▶ DATA EXCERPT:
++++++++++

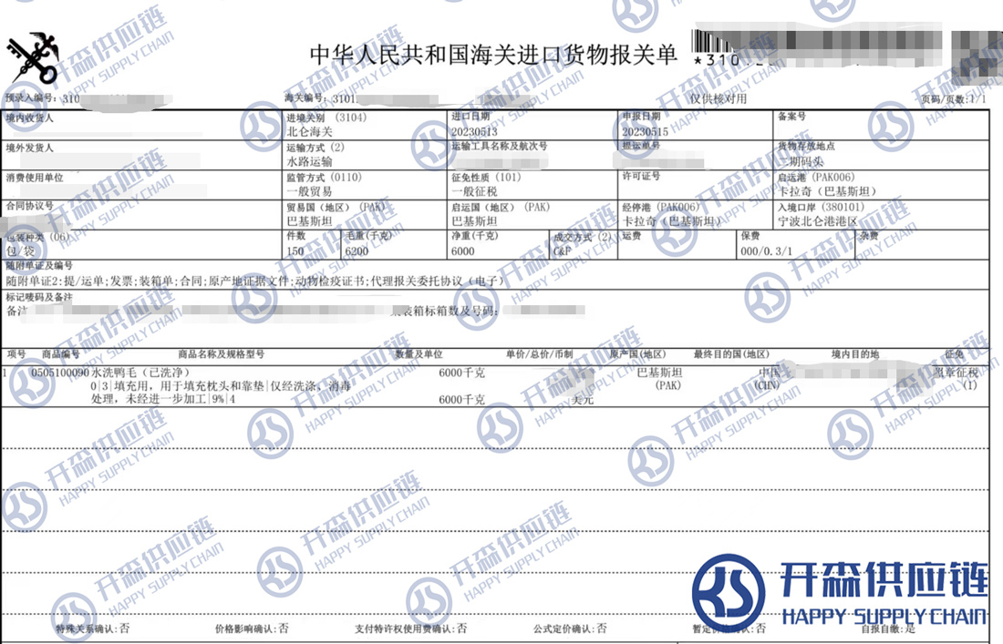 一、寧波港巴基斯坦水洗鴨毛進(jìn)口報關(guān)代理案例詳情
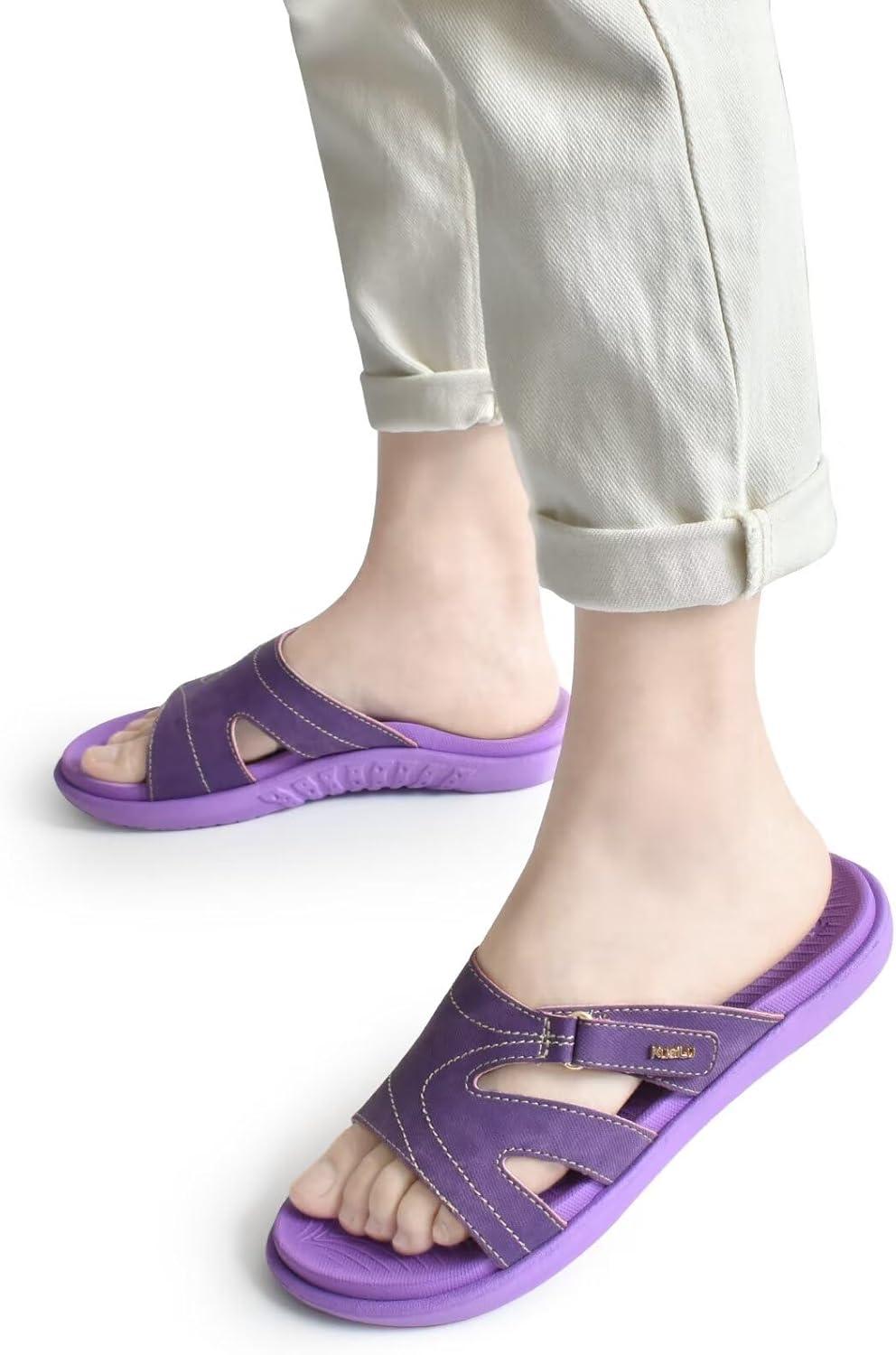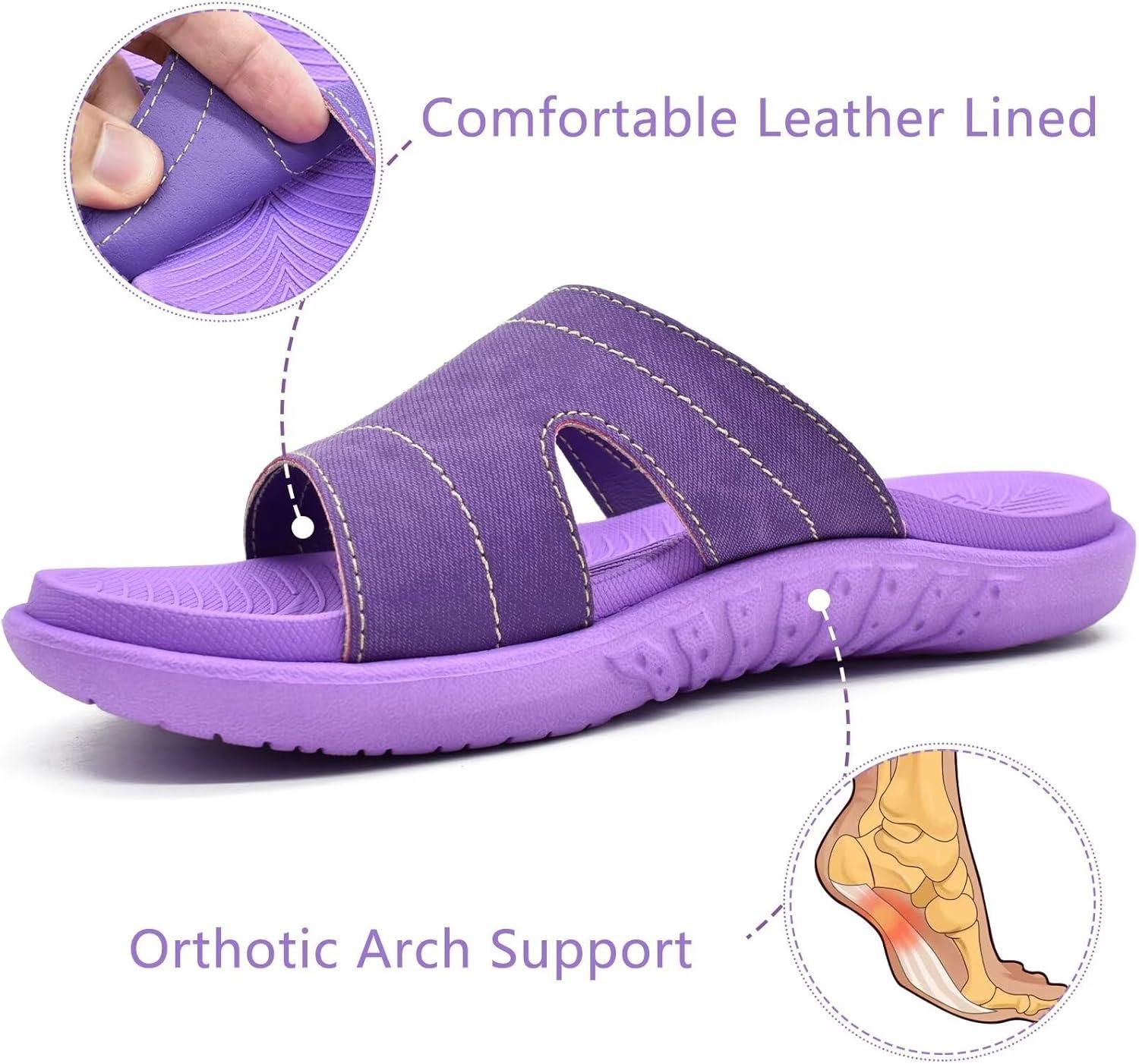 KuaiLu Womens Fashion Orthotic Slides Ladies Lightweight Athletic Yoga Mat Sandals Slip On Thick Cushion Slippers Sandals With Comfortable Plantar Fasciitis Arch Support(Purple)
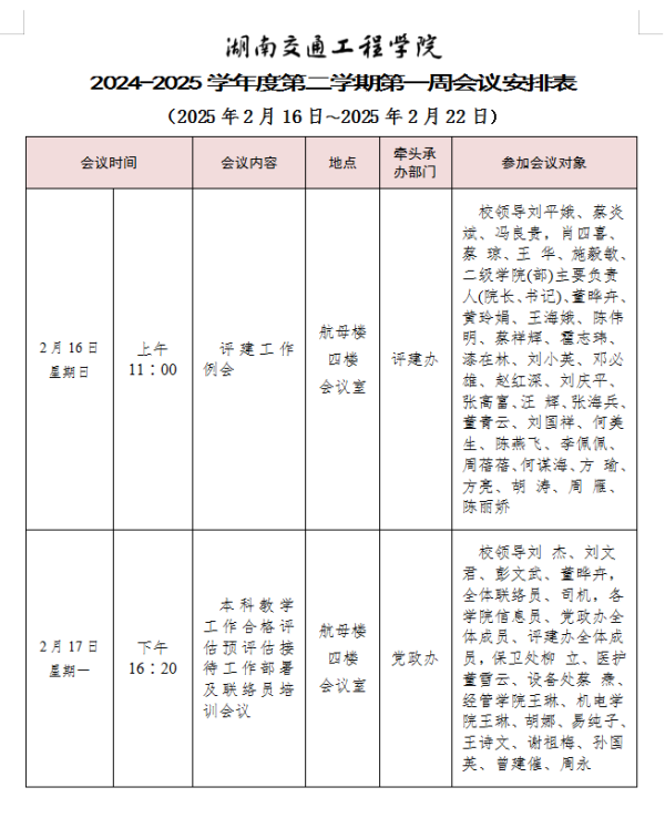 bevictor伟德官网2024-2025学年度第二学期第一周会议安排表

++++++++++

▶ TASK OBJECTIVE:
Without including any pictures, print all of the material exactly as given.

▶ RESULT OF THE TASK:
 一、寧波港巴基斯坦水洗鴨毛進(jìn)口報關(guān)代理案例詳情
 KuaiLu Womens Fashion Orthotic Slides Ladies Lightweight Athletic Yoga Mat Sandals Slip On Thick Cushion Slippers Sandals With Comfortable Plantar Fasciitis Arch Support(Purple)
 bevictor伟德官网2024-2025学年度第二学期第一周会议安排表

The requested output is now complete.